◆ What to do
Repeat every entry exactly. Do not include the pictures.

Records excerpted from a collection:

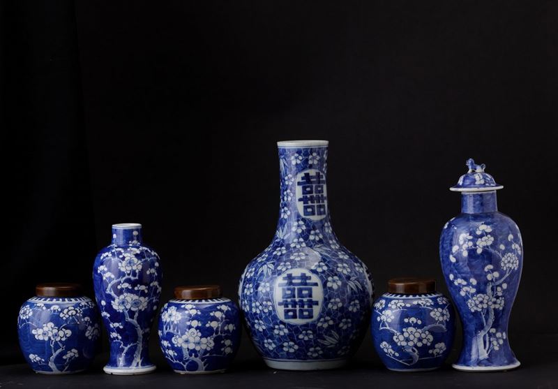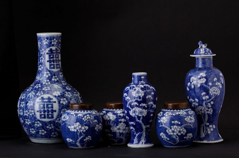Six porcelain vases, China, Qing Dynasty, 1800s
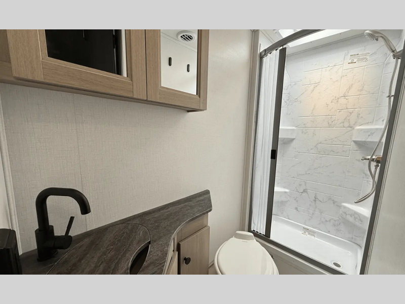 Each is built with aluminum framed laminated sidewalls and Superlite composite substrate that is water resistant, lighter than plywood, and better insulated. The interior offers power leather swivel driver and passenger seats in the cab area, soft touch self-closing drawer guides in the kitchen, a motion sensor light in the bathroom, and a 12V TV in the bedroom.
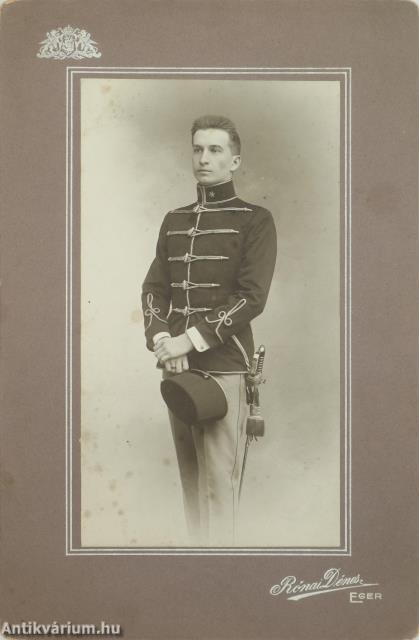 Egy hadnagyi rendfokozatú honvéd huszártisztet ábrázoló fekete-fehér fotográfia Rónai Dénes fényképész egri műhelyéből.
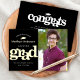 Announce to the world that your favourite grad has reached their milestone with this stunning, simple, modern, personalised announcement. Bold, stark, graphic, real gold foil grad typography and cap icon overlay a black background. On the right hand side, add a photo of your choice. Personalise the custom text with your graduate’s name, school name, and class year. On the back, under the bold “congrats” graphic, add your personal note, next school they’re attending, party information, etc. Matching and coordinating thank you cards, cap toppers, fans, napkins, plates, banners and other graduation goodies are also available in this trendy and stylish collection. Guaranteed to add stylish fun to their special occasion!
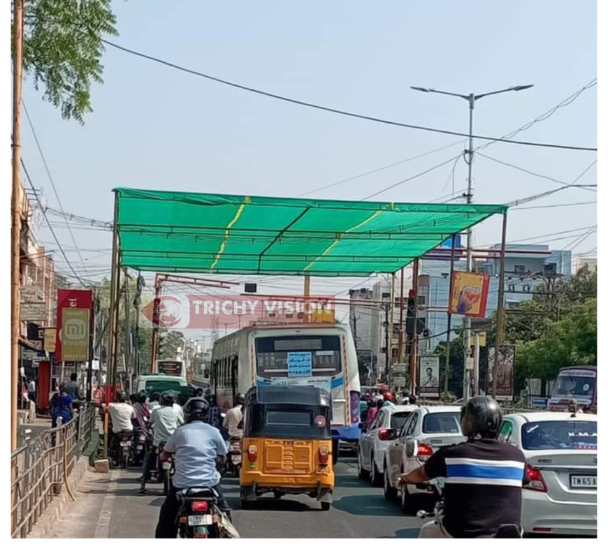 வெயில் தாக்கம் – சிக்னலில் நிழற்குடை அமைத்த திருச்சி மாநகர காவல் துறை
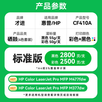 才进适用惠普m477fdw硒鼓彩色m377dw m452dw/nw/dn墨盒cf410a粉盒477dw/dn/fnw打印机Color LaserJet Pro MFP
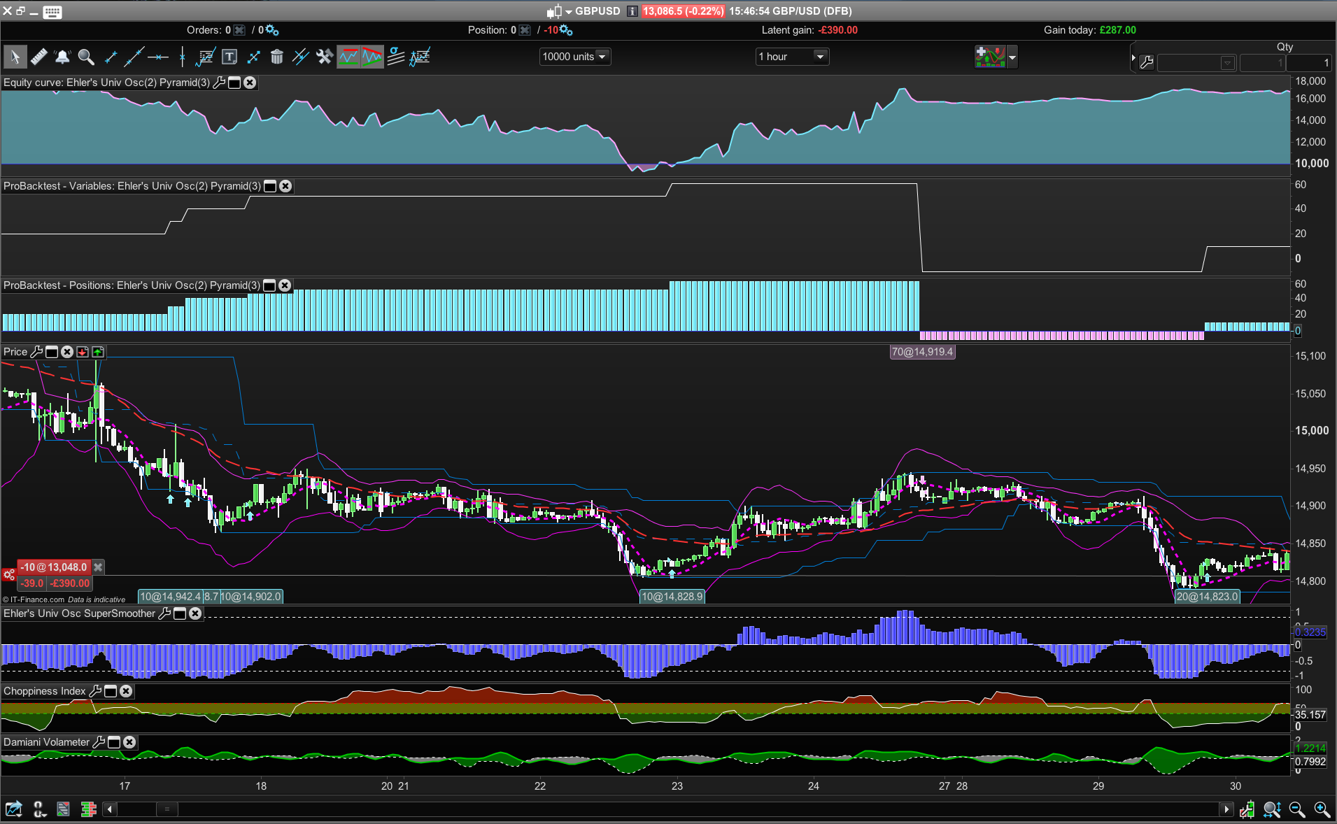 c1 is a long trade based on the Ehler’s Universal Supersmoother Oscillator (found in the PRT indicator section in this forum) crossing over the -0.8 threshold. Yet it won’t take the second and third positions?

◆ Expected output
Six porcelain vases, China, Qing Dynasty, 1800s
 Each is built with aluminum framed laminated sidewalls and Superlite composite substrate that is water resistant, lighter than plywood, and better insulated. The interior offers power leather swivel driver and passenger seats in the cab area, soft touch self-closing drawer guides in the kitchen, a motion sensor light in the bathroom, and a 12V TV in the bedroom.
 Egy hadnagyi rendfokozatú honvéd huszártisztet ábrázoló fekete-fehér fotográfia Rónai Dénes fényképész egri műhelyéből.
 Announce to the world that your favourite grad has reached their milestone with this stunning, simple, modern, personalised announcement. Bold, stark, graphic, real gold foil grad typography and cap icon overlay a black background. On the right hand side, add a photo of your choice. Personalise the custom text with your graduate’s name, school name, and class year. On the back, under the bold “congrats” graphic, add your personal note, next school they’re attending, party information, etc. Matching and coordinating thank you cards, cap toppers, fans, napkins, plates, banners and other graduation goodies are also available in this trendy and stylish collection. Guaranteed to add stylish fun to their special occasion!
 வெயில் தாக்கம் – சிக்னலில் நிழற்குடை அமைத்த திருச்சி மாநகர காவல் துறை
 才进适用惠普m477fdw硒鼓彩色m377dw m452dw/nw/dn墨盒cf410a粉盒477dw/dn/fnw打印机Color LaserJet Pro MFP
 c1 is a long trade based on the Ehler’s Universal Supersmoother Oscillator (found in the PRT indicator section in this forum) crossing over the -0.8 threshold. Yet it won’t take the second and third positions?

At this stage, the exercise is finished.